Source records:
---*---
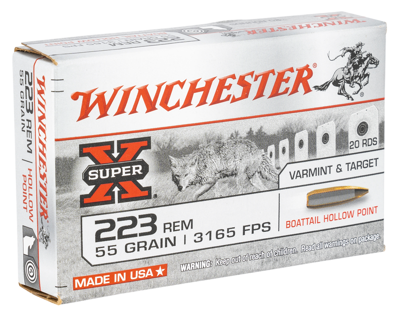 Winchester Super-X 223 Rem 55gr Boat Tail Hollow Point Rifle Ammo, 20/Box - W223HP55
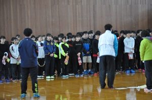 【バドミントン部】出雲地区大会を開催しました2月11日に本校で出雲地区大会を開催しました。この大会は、本校バドミントン部顧問が主催する大会です。 今回は、出雲農林高校、出雲高校、出雲商業高校の3校、合計約80名の生徒が参加しました。試合は、男子Aリーグ4チーム、Bリーグ5チーム、女子Aリーグ4チーム、Bリーグ3チームで団体戦が行われました。 お昼には、豚汁も振る舞われ和気藹々と交流をしました。 オフシーズンに良い刺激になる大会でした。 大会風景1 大会風景2 大会風景3 大会風景(閉会式)
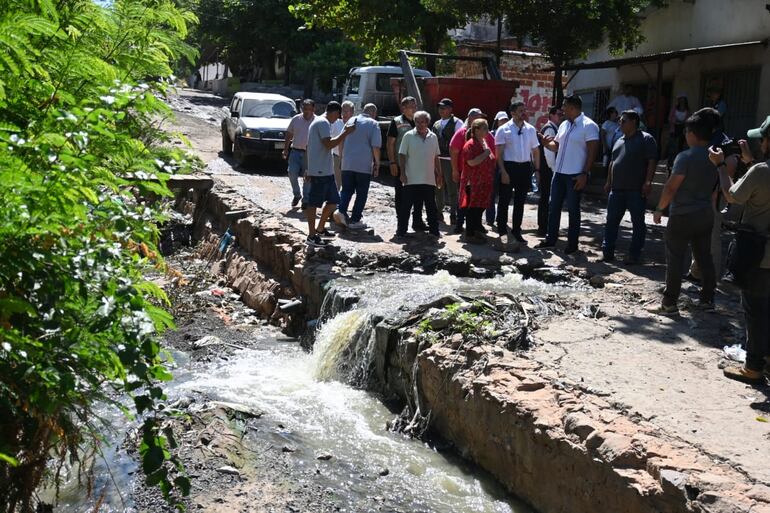 El titular de la Essap, Luifer Bernal, intentó deslindar su responsabilidad, culpando a administraciones anteriores por una obra inconclusa y mal hecha. “Hoy estamos teniendo inconvenientes en la calle (Lidio) Cantaluppi. Hubo problemas en la instalación de los colectores y los accesorios, que hicieron que tengamos inconvenientes permanentemente”, dijo.
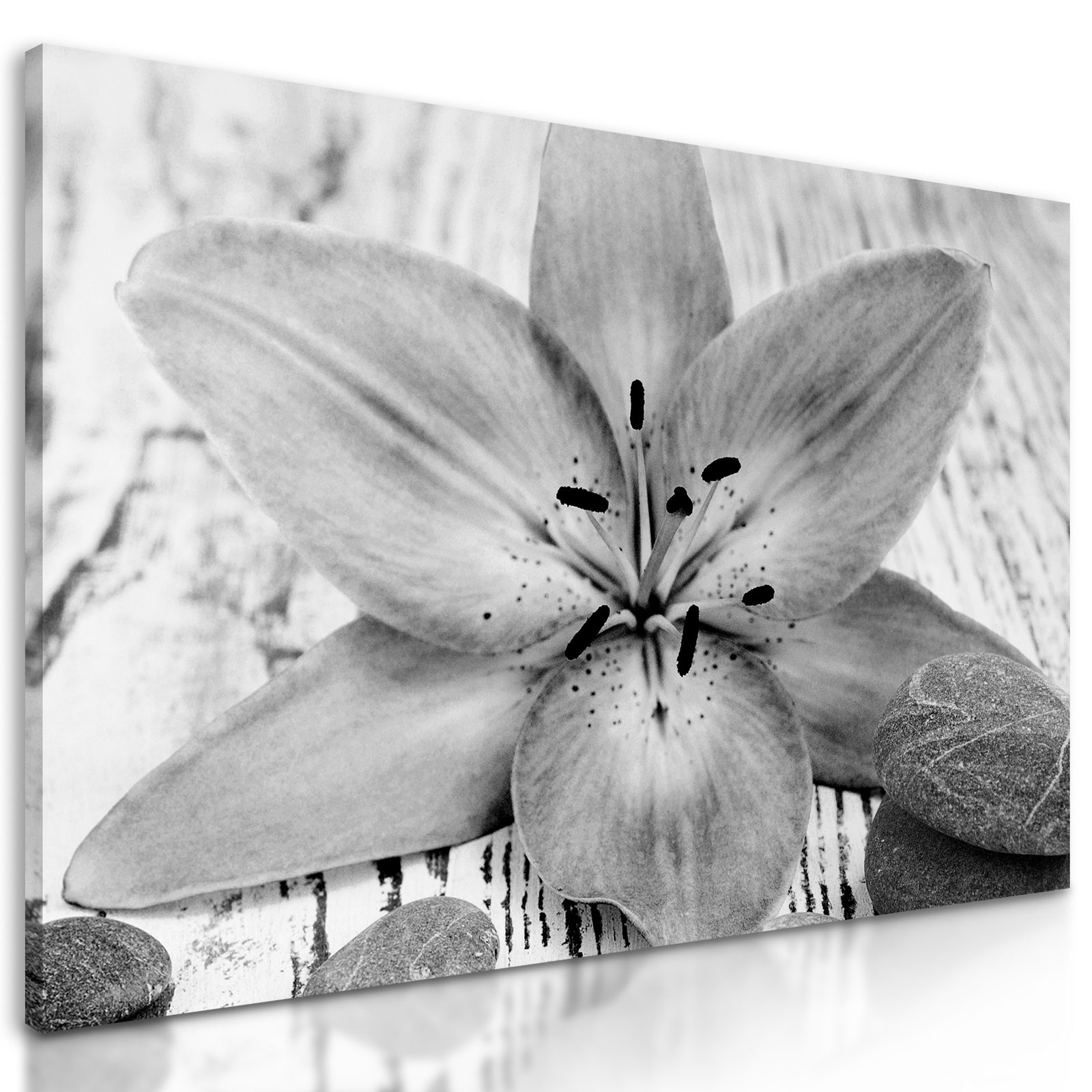 Obraz ružový kvet na drevenom podklade v čiernobielom prevedení
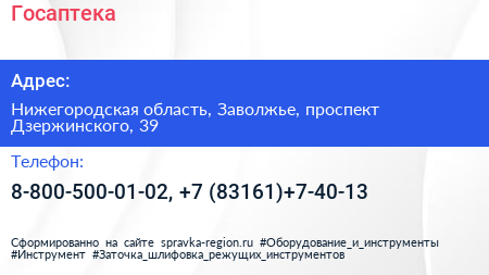 Госаптека по адресу Нижегородская область, Заволжье, проспект Дзержинского, 39 в дальнейшем Организация, размещена в следующих категориях:
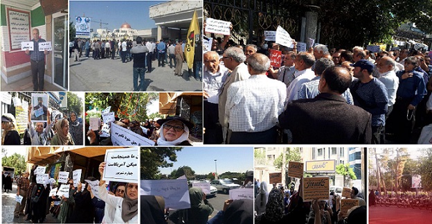 تجمع معلمان و بازنشستگان فرهنگی در مقابل وزارت کار رژیم در تهران
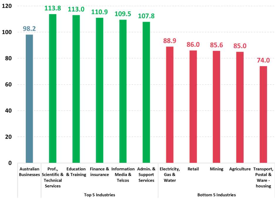 “Also performing well are Information Media & Telecommunications on 109.5, Administration & Support Services on 107.8, Property & Business Services on 102.9, Community Services on 102.6, Public Administration & Defence on 101.6 and Wholesale just above the neutral level of 100 at 101.3.
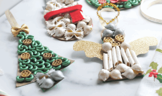 Arrange different pasta shapes like bow ties, wheels, or shells into a tree shape on wax paper. Start with a star-shaped pasta at the top, then layer larger pieces as you work down to create a triangular form. Glue each piece in place carefully. Once completely dry, spray paint the entire creation gold, silver, or green.
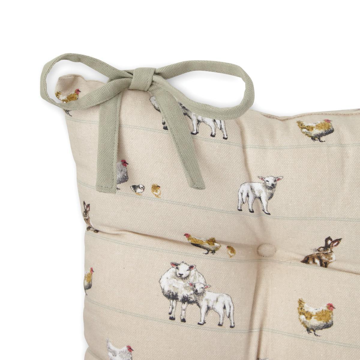 Ideal for adding a unique and beautiful touch to any chair, this homestead seat pad with watercolour animals would compliment any chair beautifully. Crafted from cotton, this seat pad is durable and easy to clean. This seat pad features ties for easy fastening.
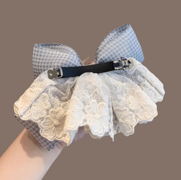 韩系格纹蓝色蝴蝶结发夹小清新超仙蕾丝小裙摆顶夹半扎发横夹发卡
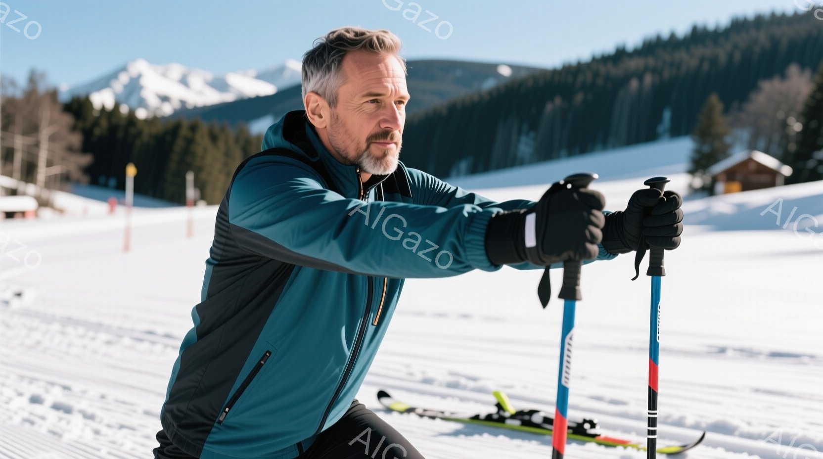スキーコースを走る男性が写っています。彼は濃い青色のジャケット、黒いズボン、手袋を着用しており、白髪混じりの髪と口髭を生やしています。背景には雪景色が広がり、遠くに山々が見え、晴天の下、活気ある冬の雰囲気が漂っています。
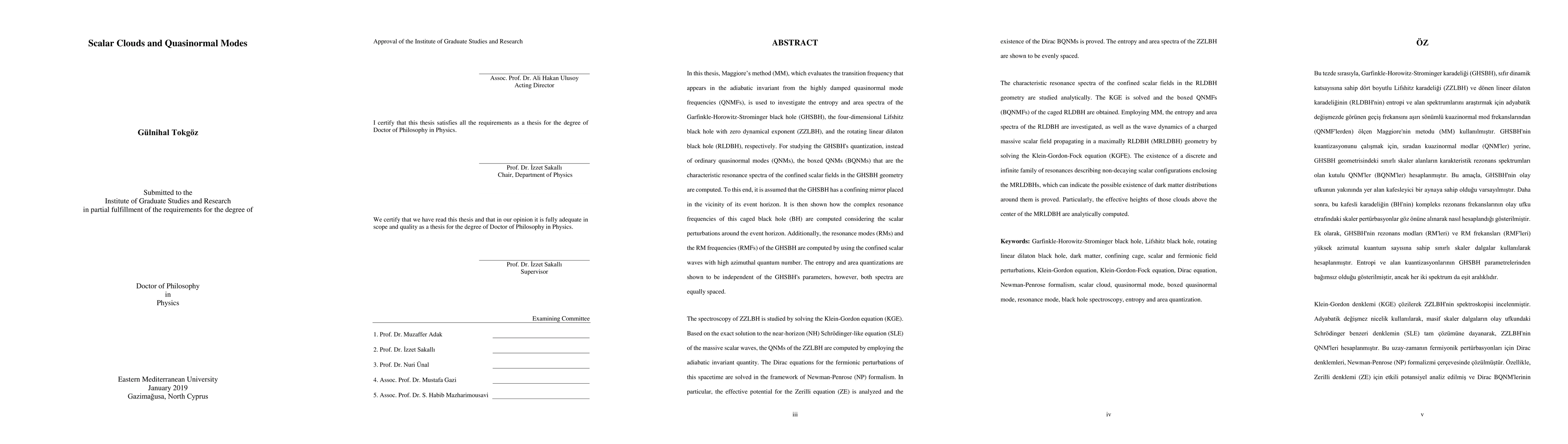 In this thesis, Maggiore's method (MM), which evaluates the transition frequency that appears in the adiabatic invariant from the highly damped quasinormal mode frequencies (QNMFs), is used to investigate the entropy and area spectra of the Garfinkle-Horowitz-Strominger black hole (GHSBH), the four-dimensional Lifshitz black hole with zero dynamical exponent (ZZLBH), and the rotating linear dilaton black hole (RLDBH), respectively. For studying the GHSBH's quantization, instead of ordinary quasinormal modes (QNMs), the boxed QNMs (BQNMs) that are the characteristic resonance spectra of the confined scalar fields in the GHSBH geometry are computed. To this end, it is assumed that the GHSBH has a confining mirror placed in the vicinity of its event horizon. It is then shown how the complex resonance frequencies of this caged black hole (BH) are computed considering the scalar perturbations around the event horizon. Additionally, the resonance modes (RMs) and the RM frequencies (RMFs) of the GHSBH are computed by using the confined scalar waves with high azimuthal quantum number. The entropy and area quantizations are shown to be independent of the GHSBH's parameters, however, both spectra are equally spaced.
---*---
What to do: Which lines run from the one containing "スキーコースを走る男性が写っ" to the end of the entries above? Write them out exactly, leaving out every picture.

Response box:
スキーコースを走る男性が写っています。彼は濃い青色のジャケット、黒いズボン、手袋を着用しており、白髪混じりの髪と口髭を生やしています。背景には雪景色が広がり、遠くに山々が見え、晴天の下、活気ある冬の雰囲気が漂っています。
 In this thesis, Maggiore's method (MM), which evaluates the transition frequency that appears in the adiabatic invariant from the highly damped quasinormal mode frequencies (QNMFs), is used to investigate the entropy and area spectra of the Garfinkle-Horowitz-Strominger black hole (GHSBH), the four-dimensional Lifshitz black hole with zero dynamical exponent (ZZLBH), and the rotating linear dilaton black hole (RLDBH), respectively. For studying the GHSBH's quantization, instead of ordinary quasinormal modes (QNMs), the boxed QNMs (BQNMs) that are the characteristic resonance spectra of the confined scalar fields in the GHSBH geometry are computed. To this end, it is assumed that the GHSBH has a confining mirror placed in the vicinity of its event horizon. It is then shown how the complex resonance frequencies of this caged black hole (BH) are computed considering the scalar perturbations around the event horizon. Additionally, the resonance modes (RMs) and the RM frequencies (RMFs) of the GHSBH are computed by using the confined scalar waves with high azimuthal quantum number. The entropy and area quantizations are shown to be independent of the GHSBH's parameters, however, both spectra are equally spaced.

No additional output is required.